What to produce - Below are records with pictures in them. Output exactly the lines from the one with "Rendez-vous sur le" through the one with "Ikonisk og farverigt", both included, and leave every picture out; give only those lines.

Dataset extract -
□ □ □ □

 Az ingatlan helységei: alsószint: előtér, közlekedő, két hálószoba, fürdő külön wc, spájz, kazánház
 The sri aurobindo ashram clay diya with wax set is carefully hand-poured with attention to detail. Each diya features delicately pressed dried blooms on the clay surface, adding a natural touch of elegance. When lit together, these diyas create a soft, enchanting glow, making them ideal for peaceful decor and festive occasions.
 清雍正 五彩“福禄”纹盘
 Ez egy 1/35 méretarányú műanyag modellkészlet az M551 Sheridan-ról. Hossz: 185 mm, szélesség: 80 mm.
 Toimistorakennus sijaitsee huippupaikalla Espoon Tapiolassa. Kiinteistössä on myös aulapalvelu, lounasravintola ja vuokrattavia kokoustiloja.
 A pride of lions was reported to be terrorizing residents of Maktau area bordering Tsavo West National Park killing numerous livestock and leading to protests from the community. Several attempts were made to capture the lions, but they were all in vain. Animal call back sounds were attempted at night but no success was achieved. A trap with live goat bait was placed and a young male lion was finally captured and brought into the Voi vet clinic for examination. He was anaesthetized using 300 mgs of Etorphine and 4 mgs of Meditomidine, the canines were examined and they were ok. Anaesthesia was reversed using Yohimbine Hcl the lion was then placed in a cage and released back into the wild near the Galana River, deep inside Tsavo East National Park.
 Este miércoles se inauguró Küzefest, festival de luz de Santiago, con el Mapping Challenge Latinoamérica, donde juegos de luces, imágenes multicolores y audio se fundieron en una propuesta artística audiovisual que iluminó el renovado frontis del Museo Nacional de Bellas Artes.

□ □ □ □

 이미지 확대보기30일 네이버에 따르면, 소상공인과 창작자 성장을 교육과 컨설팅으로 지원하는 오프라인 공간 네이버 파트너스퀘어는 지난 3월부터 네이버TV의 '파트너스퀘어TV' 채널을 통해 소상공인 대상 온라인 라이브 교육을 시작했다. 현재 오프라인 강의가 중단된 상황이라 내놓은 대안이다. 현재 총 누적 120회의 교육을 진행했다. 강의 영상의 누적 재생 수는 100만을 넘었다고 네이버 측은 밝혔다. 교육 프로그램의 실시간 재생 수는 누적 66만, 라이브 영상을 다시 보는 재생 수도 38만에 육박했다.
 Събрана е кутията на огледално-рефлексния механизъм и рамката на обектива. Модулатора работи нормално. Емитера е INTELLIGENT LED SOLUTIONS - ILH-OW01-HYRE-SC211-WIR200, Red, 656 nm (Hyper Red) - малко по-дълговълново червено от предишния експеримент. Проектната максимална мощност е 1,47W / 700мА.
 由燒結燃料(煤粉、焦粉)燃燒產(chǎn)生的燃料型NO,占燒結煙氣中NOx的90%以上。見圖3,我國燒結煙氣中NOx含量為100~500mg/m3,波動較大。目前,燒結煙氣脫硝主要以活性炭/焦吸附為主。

□ □ □ □

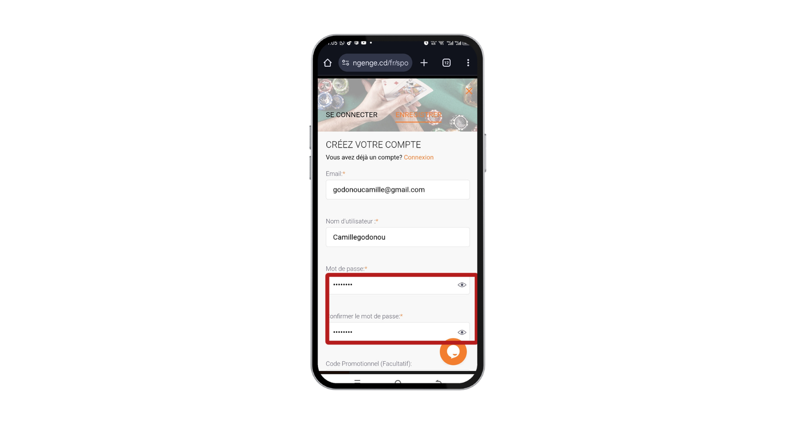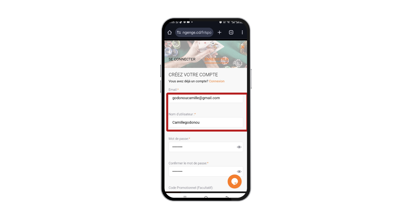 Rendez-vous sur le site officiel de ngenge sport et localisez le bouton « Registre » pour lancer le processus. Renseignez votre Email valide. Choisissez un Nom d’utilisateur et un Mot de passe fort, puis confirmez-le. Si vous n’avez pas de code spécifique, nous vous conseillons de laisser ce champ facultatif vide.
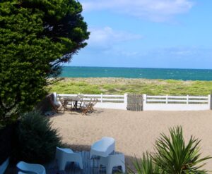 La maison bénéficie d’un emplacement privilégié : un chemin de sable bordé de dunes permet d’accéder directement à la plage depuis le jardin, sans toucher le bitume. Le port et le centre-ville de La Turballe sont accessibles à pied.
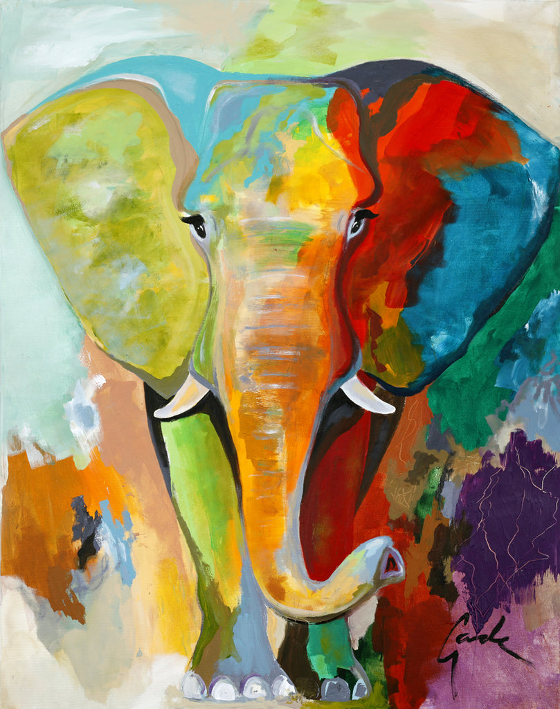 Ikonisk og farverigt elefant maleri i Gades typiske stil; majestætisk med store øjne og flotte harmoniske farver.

□ □ □ □

Response to the task -
 Rendez-vous sur le site officiel de ngenge sport et localisez le bouton « Registre » pour lancer le processus. Renseignez votre Email valide. Choisissez un Nom d’utilisateur et un Mot de passe fort, puis confirmez-le. Si vous n’avez pas de code spécifique, nous vous conseillons de laisser ce champ facultatif vide.
 La maison bénéficie d’un emplacement privilégié : un chemin de sable bordé de dunes permet d’accéder directement à la plage depuis le jardin, sans toucher le bitume. Le port et le centre-ville de La Turballe sont accessibles à pied.
 Ikonisk og farverigt elefant maleri i Gades typiske stil; majestætisk med store øjne og flotte harmoniske farver.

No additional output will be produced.